> [Task]
Verbatim repeat, images excluded. Give each entry again as written.

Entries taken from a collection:
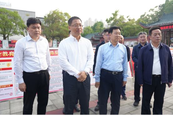在第九个全民国家安全教育日即将到来之际,4月14日下午,省委常委、市委书记、市委国家安全委员会主任谢卫江参观“总体国家安全观·创新引领 10 周年”主题展。他强调,要深入学习贯彻习近平总书记关于总体国家安全观的重要论述以及在湖南考察时的重要讲话和指示精神,全面贯彻总体国家安全观,更好统筹发展和安全,以高水平安全支撑高质量发展。市委副书记、市委国安委副主任李挚,市委副书记、市委政法委书记、市委国安委副主任汪涛参加,区委书记曾平原,区委副书记、区委宣传部长胡晓明,区委常委、区委办主任童六祥陪同。
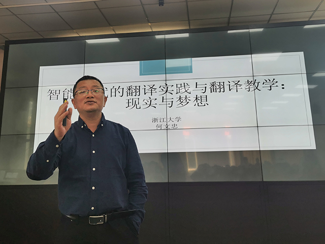11月5日上午,必赢76net线路唯一官方网站举办了博士研究生高端学术报告会,浙江大学何文忠教授作了题为“智能时代翻译实践与翻译教学:现实与梦想”的学术报告,高屋建瓴,发人深思。必赢76net线路唯一官方网站副院长马文教授主持了此次讲座,外院师生一百多人聆听了讲座,收获颇丰。
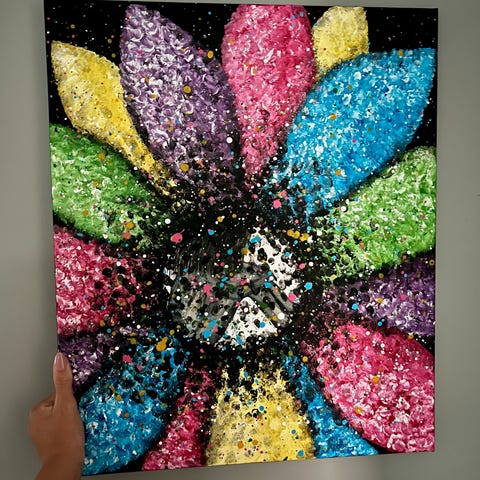 Original maleri, akryl, blømster motiv, kunst
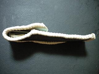 15センチのペンが2本入るペンケースに、印鑑を収納できるポケットを付けました。 ペン収納部分のサイズは、縦17センチ×横5.5センチ。 印鑑収納部のサイズは、縦7センチ×横5.5センチ。 ペンケースの表面、正面側は、バックスキン調のレザーに、レッド、グリーン、ブラックのラインをプリントした布生地のようなデザインのものを使用しています。 ペンケースの蓋から後ろ側にかけてと印鑑収納部の蓋表面は、花柄レース生地のデザインを型押したベージュピンクレザーを使用しました。 印鑑収納部表面は、メッシュデザインを型押したパープルメタリックレザーを使用。 ペンケースと印鑑収納部内側は、シルバーをベースにグレープカラーのぼかしデザインのレザーを使用しています。 ケース周囲は、ダークレッドレザーを使い、かがり仕上げをしています。 収納部分は、ふくらみを持たせています。 奥行1.2センチ×幅3センチあります。 市販の三文判、長さ6センチ×直径1センチの印鑑に対して、余裕を持たせています。 印鑑は、蓋が取れて、紛失してもいけないので、口がしっかりと閉まるようにしました。 この分、出し入れについては、上記の印鑑より大きいと口と蓋の間が狭いので、出しにくくなってしまいます。 取り出しには、底の部分をたるませているので、底を指で押せるようにして、取り出しやすくしています。 |
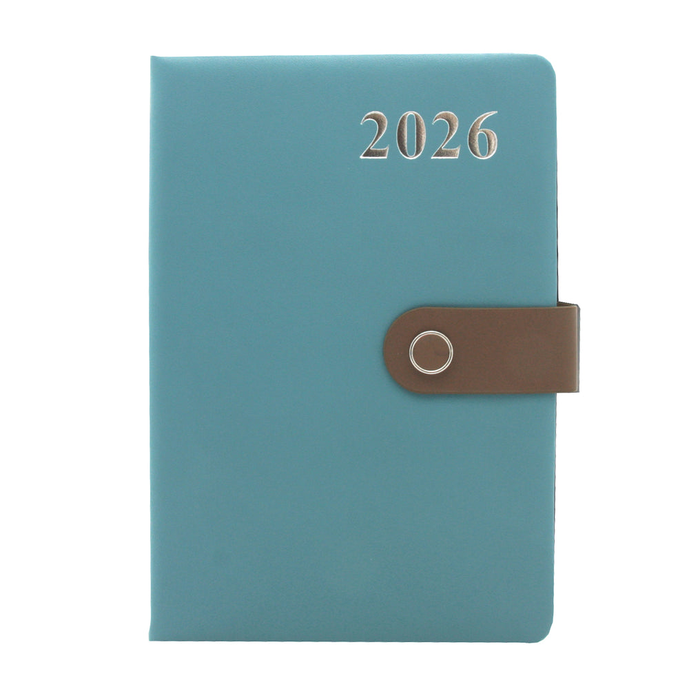 This 2026 Diary (26B) is designed for everyday organisation — featuring a soft-touch leather-look cover, convenient strap closure, and compact size perfect for work, school, or travel.
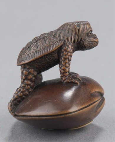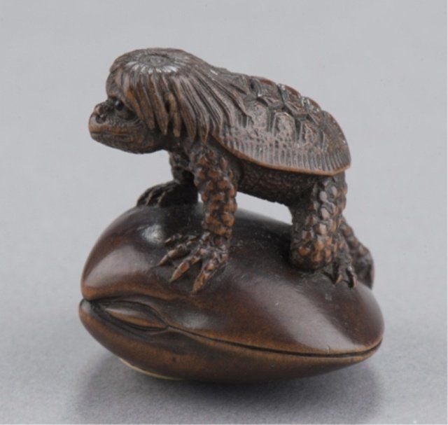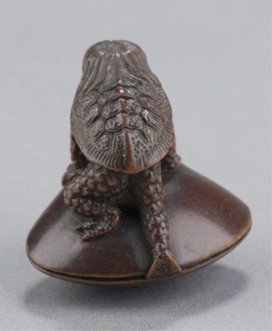 By Juzan, Early 19th century. Perched on clamshell with its foot caught in it, eyes inlaid in black. Signed on the underside in an irregular torpedo shaped reserve, Juzan. 1 3/8in (3.5cm). Provenance: Purchased from Joseph U. Seo, 1958.
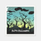 Aqua and yellow haunted graveyard Halloween paper napkin. A haunted cemetery in aqua blue and yellow with gravestones, spooky trees, a witch, an owl, bats and your text "Happy Halloween" are the elements of this Halloween paper napkin.

> [Written solution]
在第九个全民国家安全教育日即将到来之际,4月14日下午,省委常委、市委书记、市委国家安全委员会主任谢卫江参观“总体国家安全观·创新引领 10 周年”主题展。他强调,要深入学习贯彻习近平总书记关于总体国家安全观的重要论述以及在湖南考察时的重要讲话和指示精神,全面贯彻总体国家安全观,更好统筹发展和安全,以高水平安全支撑高质量发展。市委副书记、市委国安委副主任李挚,市委副书记、市委政法委书记、市委国安委副主任汪涛参加,区委书记曾平原,区委副书记、区委宣传部长胡晓明,区委常委、区委办主任童六祥陪同。
11月5日上午,必赢76net线路唯一官方网站举办了博士研究生高端学术报告会,浙江大学何文忠教授作了题为“智能时代翻译实践与翻译教学:现实与梦想”的学术报告,高屋建瓴,发人深思。必赢76net线路唯一官方网站副院长马文教授主持了此次讲座,外院师生一百多人聆听了讲座,收获颇丰。
 Original maleri, akryl, blømster motiv, kunst
 15センチのペンが2本入るペンケースに、印鑑を収納できるポケットを付けました。 ペン収納部分のサイズは、縦17センチ×横5.5センチ。 印鑑収納部のサイズは、縦7センチ×横5.5センチ。 ペンケースの表面、正面側は、バックスキン調のレザーに、レッド、グリーン、ブラックのラインをプリントした布生地のようなデザインのものを使用しています。 ペンケースの蓋から後ろ側にかけてと印鑑収納部の蓋表面は、花柄レース生地のデザインを型押したベージュピンクレザーを使用しました。 印鑑収納部表面は、メッシュデザインを型押したパープルメタリックレザーを使用。 ペンケースと印鑑収納部内側は、シルバーをベースにグレープカラーのぼかしデザインのレザーを使用しています。 ケース周囲は、ダークレッドレザーを使い、かがり仕上げをしています。 収納部分は、ふくらみを持たせています。 奥行1.2センチ×幅3センチあります。 市販の三文判、長さ6センチ×直径1センチの印鑑に対して、余裕を持たせています。 印鑑は、蓋が取れて、紛失してもいけないので、口がしっかりと閉まるようにしました。 この分、出し入れについては、上記の印鑑より大きいと口と蓋の間が狭いので、出しにくくなってしまいます。 取り出しには、底の部分をたるませているので、底を指で押せるようにして、取り出しやすくしています。 |
 This 2026 Diary (26B) is designed for everyday organisation — featuring a soft-touch leather-look cover, convenient strap closure, and compact size perfect for work, school, or travel.
 By Juzan, Early 19th century. Perched on clamshell with its foot caught in it, eyes inlaid in black. Signed on the underside in an irregular torpedo shaped reserve, Juzan. 1 3/8in (3.5cm). Provenance: Purchased from Joseph U. Seo, 1958.
 Aqua and yellow haunted graveyard Halloween paper napkin. A haunted cemetery in aqua blue and yellow with gravestones, spooky trees, a witch, an owl, bats and your text "Happy Halloween" are the elements of this Halloween paper napkin.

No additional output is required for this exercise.